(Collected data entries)
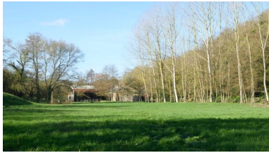
Site des moulins à eau de Châteaupanne, vue de l'est, Montjean-sur-Loire.
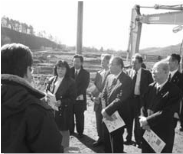
（総務文教厚生常任委員会）

総務文教厚生常任委員会が平成20年11月12日に、産業建設常任委員会が11月13日に、それぞれ当別ダムの本体工事現場等の現状と問題点を把握するため、調査を行いました。
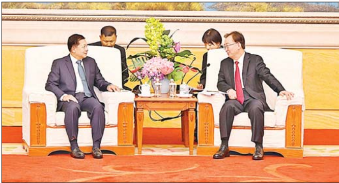
နိုင်ငံတော်စီမံအုပ်ချုပ်ရေးကောင်စီဥက္ကဋ္ဌ နိုင်ငံတော်ဝန်ကြီးချုပ် ဗိုလ်ချုပ်မှူးကြီး မင်းအောင်လှိုင် တရုတ်ကွန်မြူနစ်ပါတီဗဟိုကော်မတီပေါ်လစီဗဟိုအဖွဲ့ဝင်၊ ချီချင်မြို့နယ်ပါတီကော်မတီအတွင်းရေးမှူး Mr. Yuan Jiajun နှင့် တွေ့ဆုံဆွေးနွေးစဉ်။
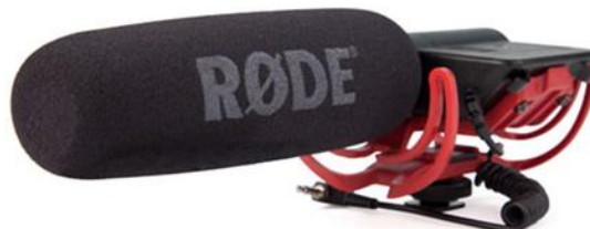
Gambar 4.2 Mic Rode
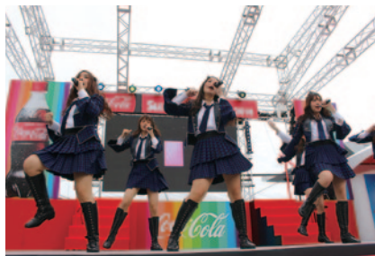
タイの人気アイドルグループ「BNK48」メンバーによるトークとミニライブ(29日)。
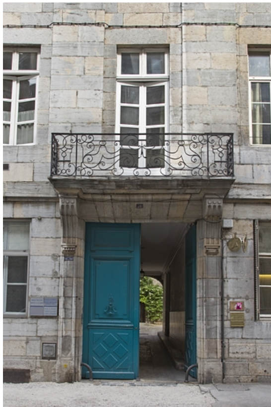
Logis principal : détail du portail d'entrée.

25, Besançon, 28 rue de la Préfecture, lieudit : îlot Mairie
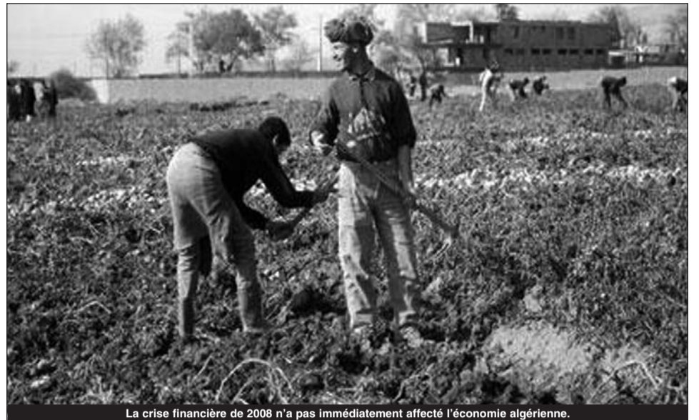
La crise financière de 2008 n'a pas immédiatement affecté l'économie algérienne.
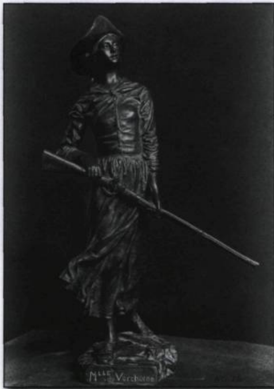
Canada. M lle de Verchères, par Hébert. Carte postale ND Phot, 1908, n° 409. (Collection Yves Beauregard).
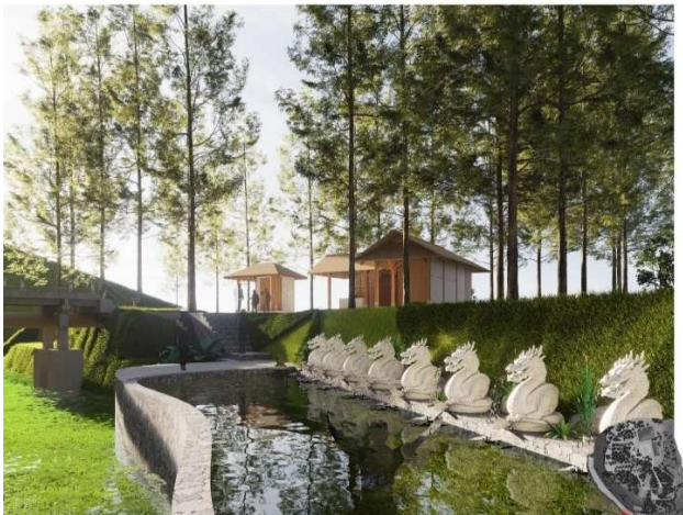
Gambar 7. Tempat Melukat (Holi Water Area)
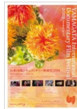
プログラムチラシ Program Flier
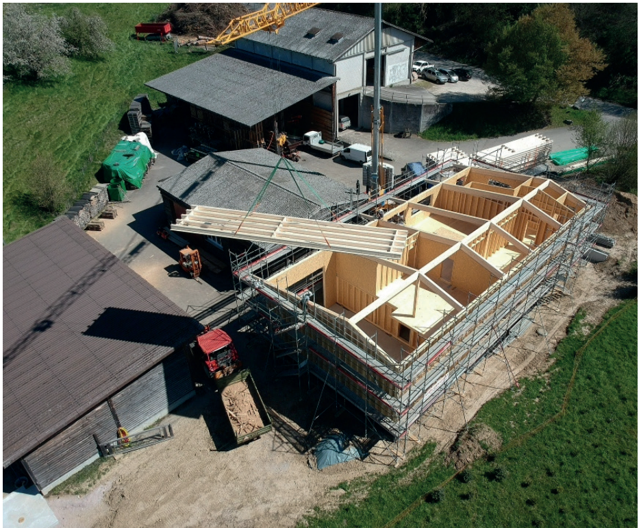
Neubau Forstwerkhof, April 2026

Die Einweihung des neuen Forstwerkhofes ist auf den 16. August 2026 festgesetzt. Zum jetzigen Zeitpunkt sind wir bestens aufgestellt, um dieses Ziel zu erreichen. Wir freuen uns jetzt schon, zusammen mit dem Forstbetrieb Region Möhlin und der Bevölkerung der Umgebung dieses Projekt würdig einzuweihen.
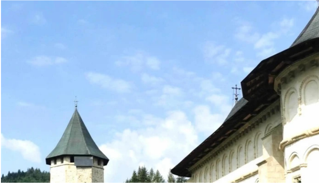
Hotelul manastirii putna arhondaricul visarion puiu putna
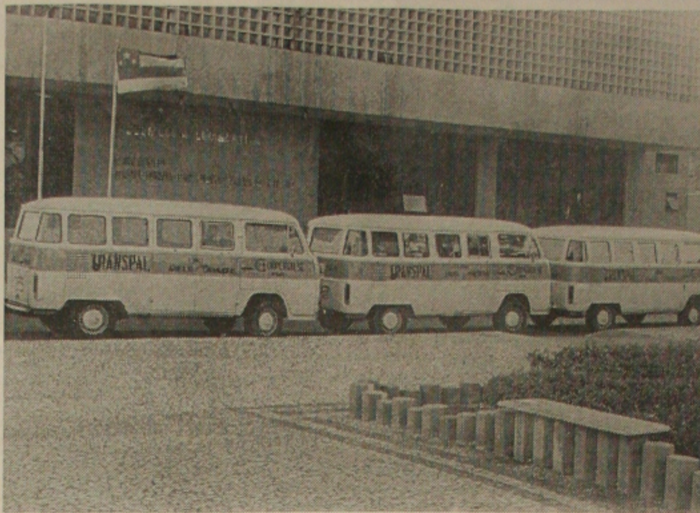
A SMTT garante que intensificará a fiscalização ao transporte clandestino em Aracaju
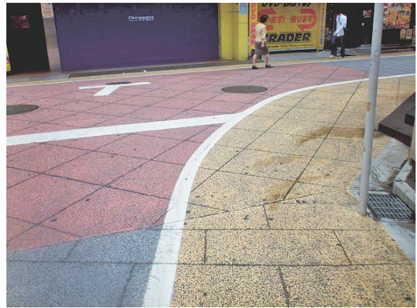
写真-10 整備状況(西新宿一丁目地区)

また、アンケートの際の住民からの意見を参考に、ワークショップ活動において整備方針を検討していく中で、歩車混在の道路を車道と歩道を色彩で区別し、歩行者の安全性を優先的に考えることにしました。その結果、舗装のカラー化によって景観向上を図り、地区全体の舗装を景観性に優れ、舗装性の機能を備えた環境にも優しい半たわみ性舗装を採用することにしました。また、半たわみ性舗装を加工し、石畳風の目地をアクセントにすることで、景観上の配慮も行うことで、まちなみをグレードアップさせ、交差点部は、安全性の向上と注意喚起のために、色やデザインを工夫しています(写真-9, 写真-10)。
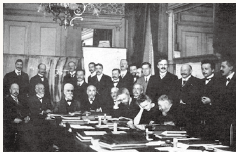
第1回ソルベイ会議(1911年)

市民の皆さまは、大湯新浜工業団地に立地している阿南化成株式会社をご存じでしょうか。この会社は平成元(1989)年1月に操業を開始したベルギーに本社を置くグローバル総合化学メーカー「ソルベイ」のグループ会社です。「ソルベイ」は、1863年にエルネスト・ソルベイ卿が設立し、現在、世界53カ国、145工場、21研究開発拠点、従業員約3万人を抱える大企業です。150年以上の歴史をもつ名門グループで、阿南工場では、レア・アースを主体とした、自動車排ガス浄化用触媒の材料を世界に供給しています。この阿南化成株式会社が本年1月1日をもって、社名を「ソルベイ・スペシャルケム・ジャパン株式会社」に変更し、名実共に世界的名称を冠する企業となりました。本市には日亜化学工業株式会社をはじめ、多くの優良な企業が立地しています。今回、「ソルベイ・スペシャルケム・ジャパン株式会社」に加わっていたルケム・ジャパン株式会社」に、世界的にも阿南市の知名度が上がった、いきものと確信しています。
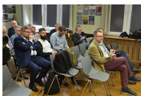
Konferencja naukowa o bezpieczeństwie w PRL i innych krajach bloku sowieckiego.
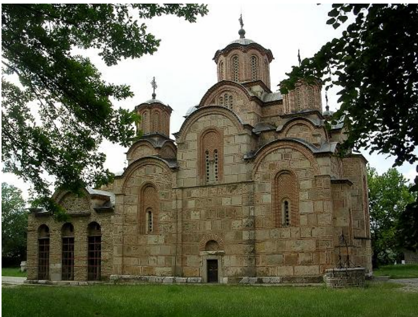
Манастир Грачаница (14. век) на листи светске баштине UNESCO-а

„Свака крава у Француској је субвенционисана са три евра дневно, док сваки други Косовар живи од трећине те суме. Уколико га опљачкају, мале су шансе да ће починилац бити икада ухаћен, иако је на Косову највећи број полицајаца по становнику у Европи. У судовима чека 30.000 нерешених случајева. Уколико сте Ром или Србин на Косову, могло би вам
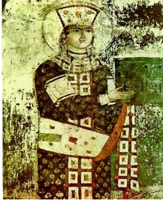
Şekil 6. Gürcü Kraliçesi Thamar'ın Vardzia'da (Gürcistan) Dormition Kilisesi'ndeki freski. ( https://jenikirbyhistory.getarchive.net/amp/topics/tamar+of+georgia )

Ayrıca Kraliçe Thamar'ın Gürcistan'ın Aspindza Bölgesinde, Kür Irmağının sol tarafında Vardzia Köyünde bulunan ve UNESCO dünya mirası listesinde yer alan kaya manastır kompleksindeki 1184-1186 yıllarında yapıldığı tahmin edilen Dormition Kilisesi'nde bir freskinin bulunması önemli bir ayrıntıdır. Bu freskle görülmektedir ki hem Gürcistan'da hem de Kapadokya bölgesinde iki Thamar neredeyse aynı duruşla başışçı olarak kiliselere resmedilmiştir. 54 Bu durum Kraliçe Thamar'ın Gürcü kadınları üzerinde sadece isim olarak değil uygulamalarıyla da örnek alındığını ve coğrafi mesafeye karşın kültürel hafızanın devamını göstermektedir.
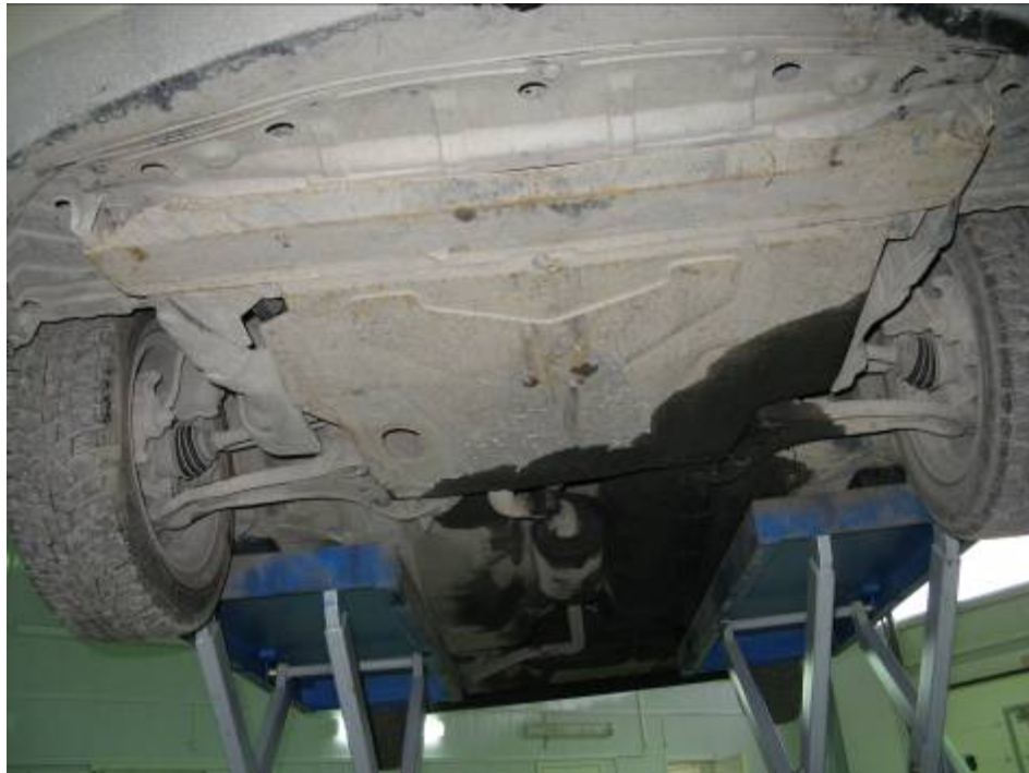
Nissan Almera C. Потечи масла на днище кузова автомобиля.
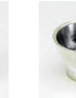
WAKABA 若葉 Green
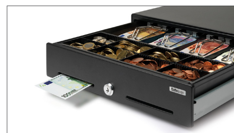
Ranhura separadora para denominações mais elevadas e papeis valiosos
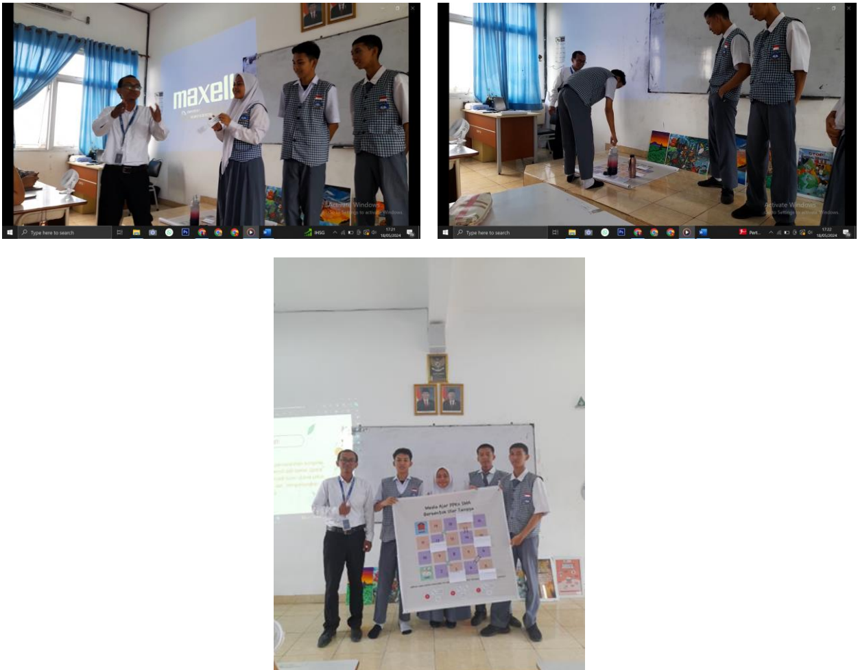
Gambar 4. Proses pelaksanaan pembelajaran dengan media ular tangga

mereka berhenti. Dengan pertanyaan yang memperhatikan materi pembelajaran tentang sengketa blok ambalat dan cara penyelesaiannya dari berbagai sudut pandang. Begitu dan seterusnya sampai pemain mampu menyelesaikan setiap rintangan yang dihadapi pada media pembelajaran ular tangga dan peserta didik yang mencapai angkat terakhir di pastikan sebagai pemenang dalam pembelajaran dengan media ular tangga. Hal ini menunjukkan bahwa dalam penggunaan media pembelajaran ular tangga dalam mata Pelajaran PPKn di kelas XI.8 SMA Negeri 6 Palembang ini mampu meningkatkan keaktifan belajar peserta didik serta sesuai dengan gaya dan kebutuhan belajarnya.
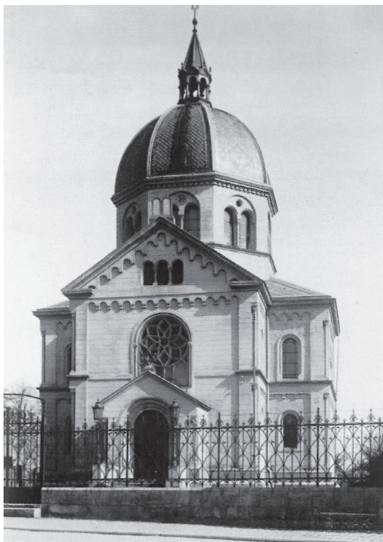
Obrázek 7. Stephan Tragl, synagoga ve Dvoře Králové, 1889–1891. Dobová pohlednice [online], http://znicenekostely.cz/?load=detail&id=17024
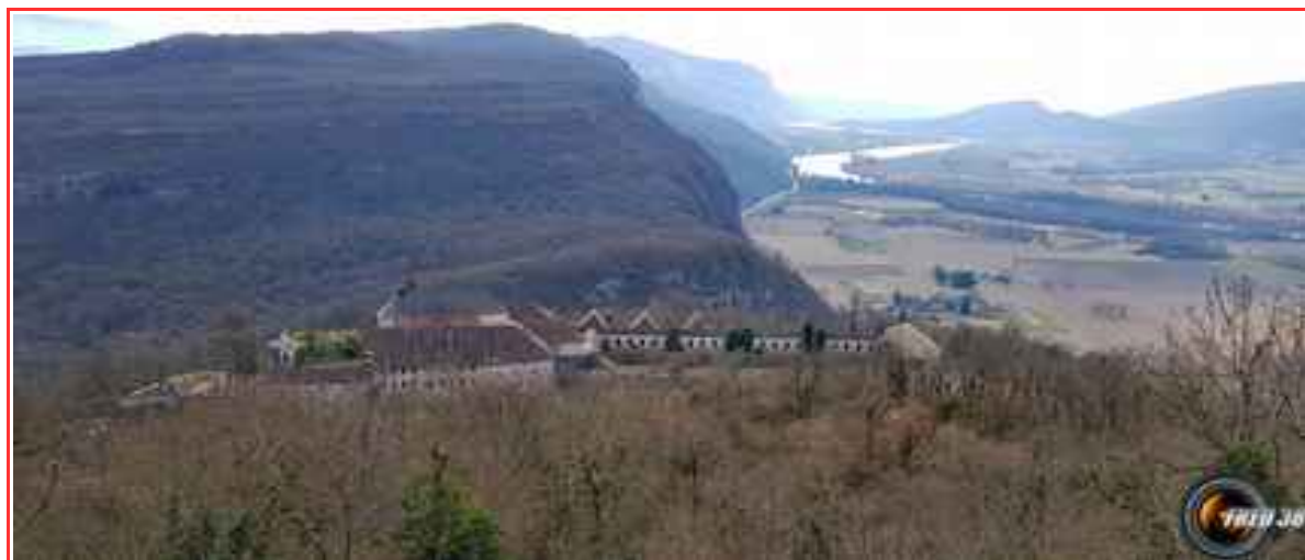
L'ancien couvent fortifié de Pierre Chatel.
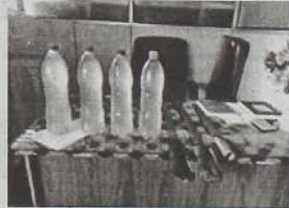
காலமாக கசிப்பு உற்பத்தியில் ஈடுபட்ட 38-வயதுடைய நபர் ஒருவர் கைது செய்யப்பட்டுள்ளதோடு அவரிடமிருந்து 50லீற்றர் கோடா, 8 லீற்றர் கசிப்பு, 3 வாள்களும்

தகவலின் படி, நேற்று யாழ்ப்பாண பொலிஸ் பிரிவுக்குட்பட்ட ஆறுகால் மடம் - ஆணைக்கோட்டை பகுதியில் நீண்ட
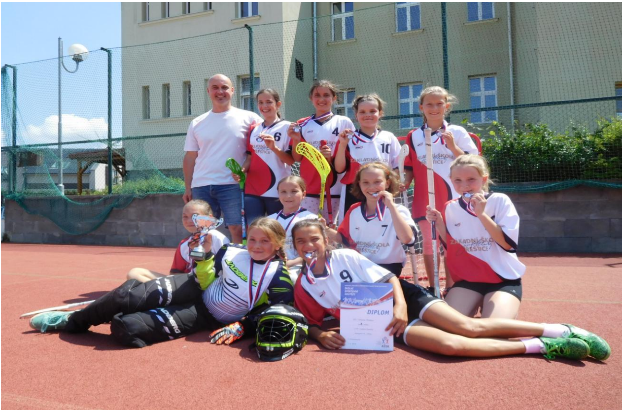
Ve školním roce 2017/2018 vznikl na 1. stupni nový sportovní kroužek – kroužek florbalu a první úspěchy se následně dostavily – družstvo ml. dívek na turnaji v Chlumčanech 3. místo
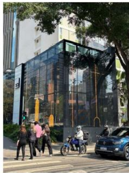
Vista do LEDGLASS na Av. Brigadeiro Faria Lima 27/08/2025
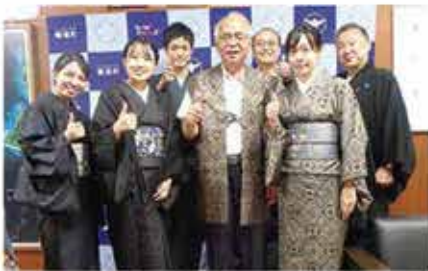
▲一般財団法人きものの森様ご一行
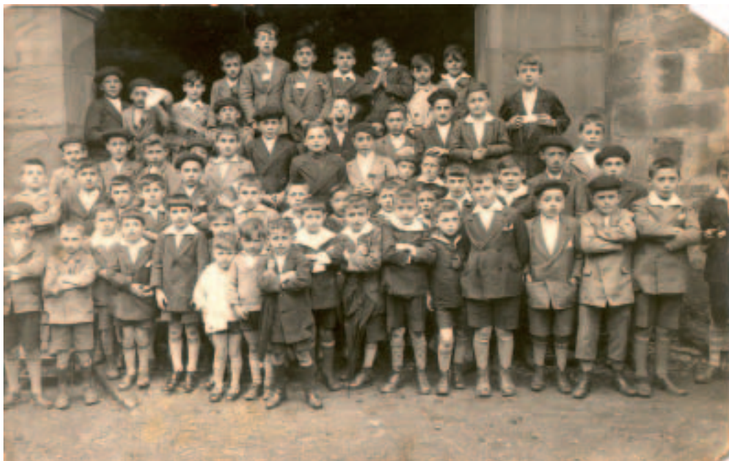
1933an, San Martingo eskola nazionalako mutilak.

Tamalez, II. Errepublikara garaiko dokumentazioa falta zaigu herriko artxioban, inguruko beste hainbat herritan gertatu ohi zen bezala, Gerra Zibilak bere aurrekoa erabat suntsitu nahi izan zuen, baita gurean ere.

WHAT THE TASK REQUIRES
Your reply must consist solely of the number of lines in the data that contain the word "pembelajaran".

TASK OUTPUT
2